Democracy is powered by debate and diversity and founded upon a belief in people’s assailable right to freedom of speech, worship and assembly – liberties which have been lost or never experienced in much of the world.
There are individuals and organisations that regard parliamentary democracy not as a treasure of a civilised society but as a target to destroy. Yesterday’s incident brought back memories of last year’s brutal murder of PC Keith Palmer by a fanatic.
There is nothing noble or principled about the nihilism and lunacy which drives individuals to commit acts of carnage, regardless of whether the perpetrators are “lone wolves” or part of a movement of extremists convinced it has a mandate to conquer and enslave others.
Londoners demonstrated their strength in the way they shrugged off the incident as the act of an idiot who deserved nothing but disdain. There was no pulse of panic running through the city as people found new routes to get to work; these men and women have no intention of granting fanatics a victory by living in fear of their outrages.

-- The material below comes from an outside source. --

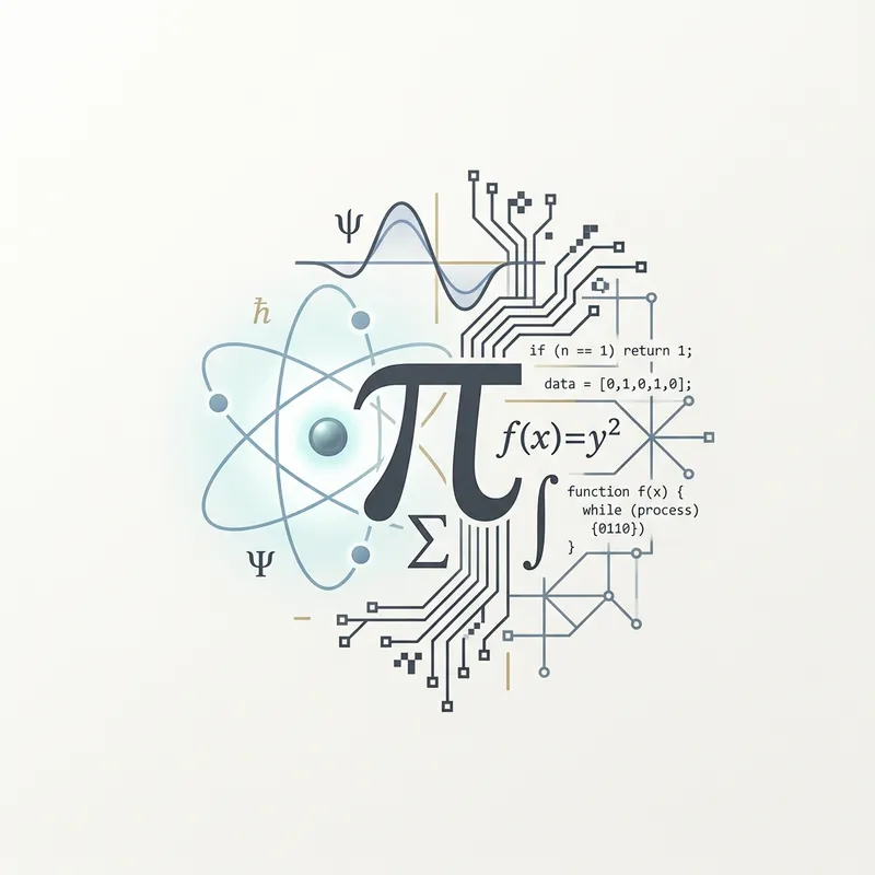 An image adhering to the aesthetics of minimalism, representing the fields of science majorly concentrating on mathematics, physics, and Information Technology. The image can possibly feature symbolic representations of these subjects. For instance, mathematical symbols, quantum physics icons or holograms, and IT elements like code snippets or pixelated circuit boards. The colors should be understated and simplistic, and the overall design should convey the essence of these subjects intertwined in a simplistic and elegant fashion.

Similarly, as the people of so many cities targeted by terrorists in recent years have demonstrated, they will refuse to look at fellow commuters, shoppers or workers with suspicion because of how they dress or pray. Extremists are terrified of the success of democracies at bringing together people of different languages, ethnicities and faiths around a shared set of universal values. They dread a world in which people do not just show toleration but befriend and love their neighbours – yet that is the reality and the future we are blessed to know and defend.